Python MySQL Connection Pooling

Some helpful tips

Asked by Eric Heller on 2011-02-13

Hello,

I've been puzzling over this package for the last few days, and I think I *finally* understand how to make this work as expected!

That said, this is problematic, because the package is rather confusing to use until you understand how. I think the code needs some major refactoring and renaming of objects and methods to make this more clear.

I know Nick has answered a bunch of questions to people trying to understand PySQLPool, but those didn't help me either. Sometimes you just have to read the source!

Here are some things I find helpful to understand:

1. Calling PySQLPool.getNewConnection() does NOT create a *connection* to the SQL server. This method might be more properly called something like `makeConnectionInformation()` The PySqlConnection object returned isn't alive or active or anything. It just holds the information to make a connection to the SQL server via MySQLdb.

2. You don't have to call PySQLPool.getNewPool(). This is basically a no-op. It returns a new Pool object that you can't really use anywhere!

3. Calling PySQLPool.getNewQuery() does not create a connection. What it DOES do is create a new Pool object. This method might more accurately be called `getNewPool()`. Once you've created a PySqlQuery, you've got a pool.

4. Calling a method like `.query()` on a PySqlQuery object finally DOES establish a connection. It asks the pool for a free existing connection, if one is available.
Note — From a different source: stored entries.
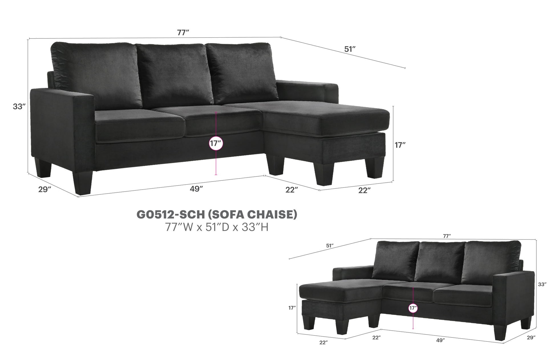 - Value Priced Reversible Sectional: Perfect for small rooms, dorms, and apartments.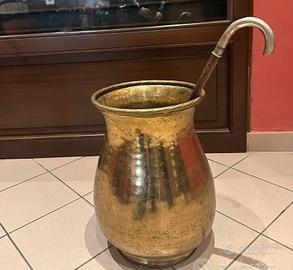 Porta ombrelli e bastoni e pianta in ottone vintage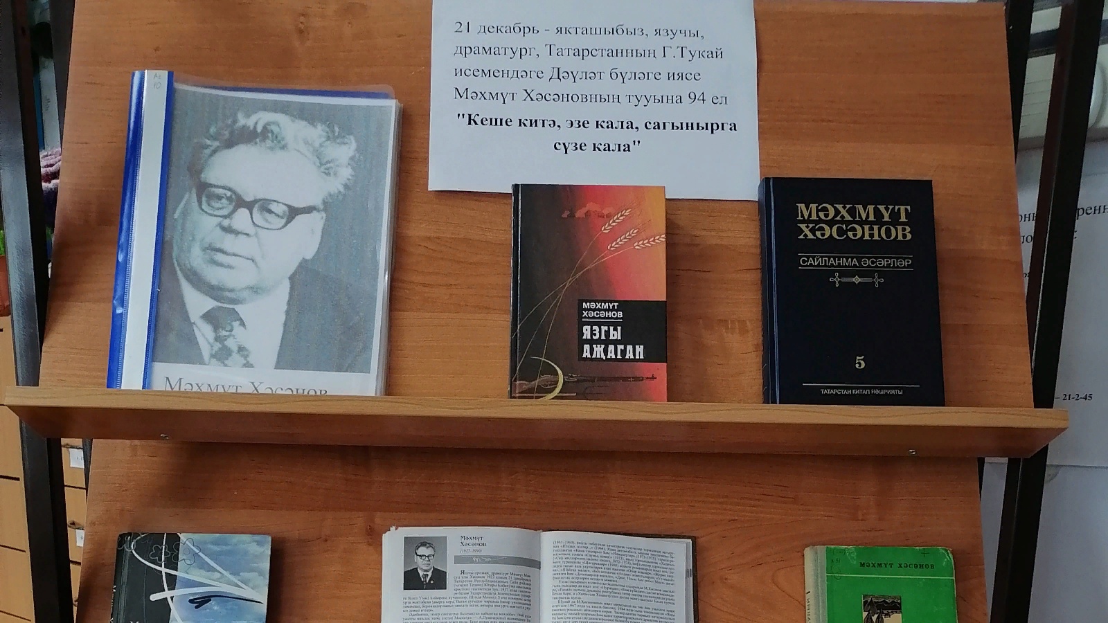 21 декабря, по случаю 94-летия со дня рождения выдающегося татарского писателя-земляка Махмута Хасанова, лауреата Государственной премии имени Габдуллы Тукая, в Тюлячской центральной библиотеке оформлена выставка по названием “Кеше китә, эзе кала, сагынырга сүзе кала”. А в социальной сети Инстаграм опубликована видеопрезентация о жизни и творчестве писателя.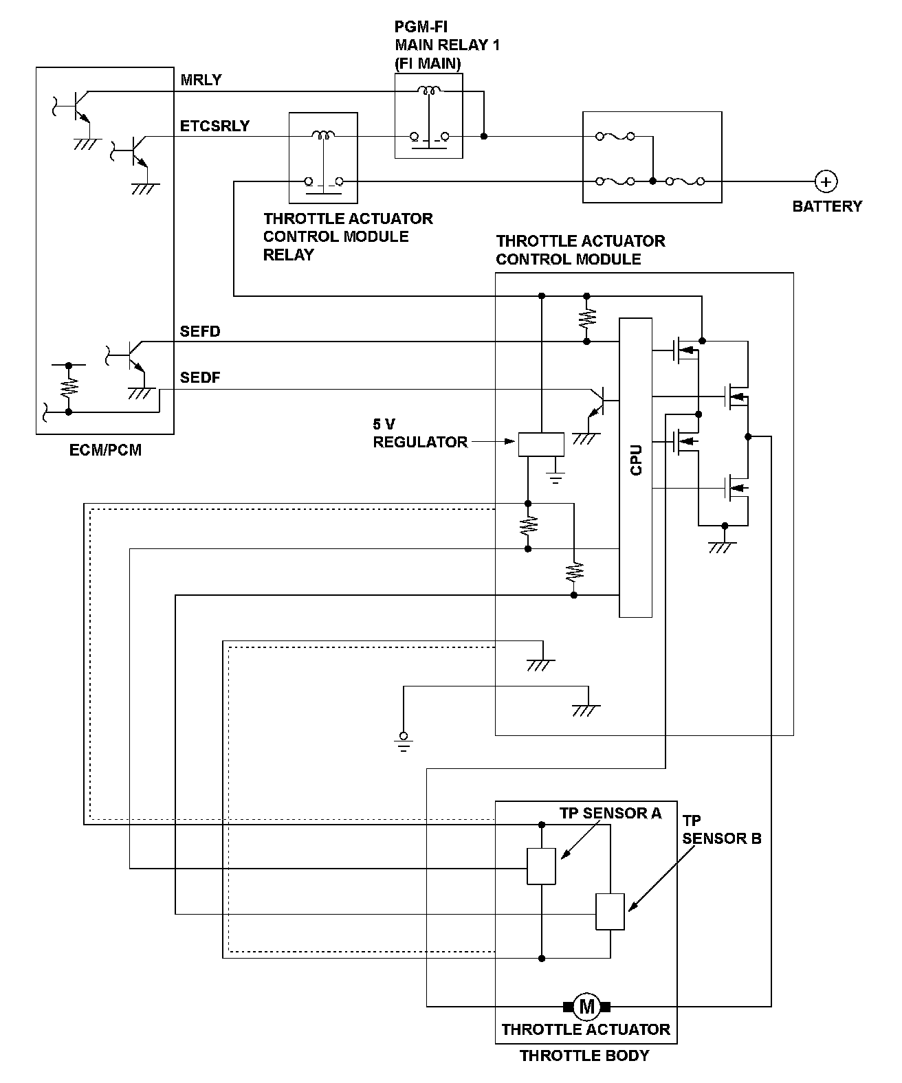 The throttle valve position signal from TP sensor B is transmitted to the throttle actuator control module for target position feedback control, then to the engine control module (ECM)/powertrain control module (PCM) as an actual throttle valve position signal.

Otherwise it establishes a new connection, up to `maxActiveConnections` set on the PySqlPool object. It blocks until it can get a connection from the Pool.

Once it gets the connection, it executes the query you specified in the method `.query()` This call blocks until the query has finished and the result is returned from the server. Then the connection is returned back to the Pool, and control returns to your code.

5. The `.query...()` methods handle the creation of a MySQLdb Cursor object for you. If you're used to using MySQLdb, you probably do something like:

 c = db.cursor(MySQLdb.cursors.DictCursor)
 c.execute("....")
 c.close()

Calling the `.query...()` methods on the PySqlQuery object automatically makes a MySQLdb Cursor to execute your query via MySQLdb, and then closes the cursor before control is returned to your code. This cursor is always created as a DictCursor, and is accessible after calling `<PySqlQueryObj>.query()` via `<PySqlQueryObj>.record`.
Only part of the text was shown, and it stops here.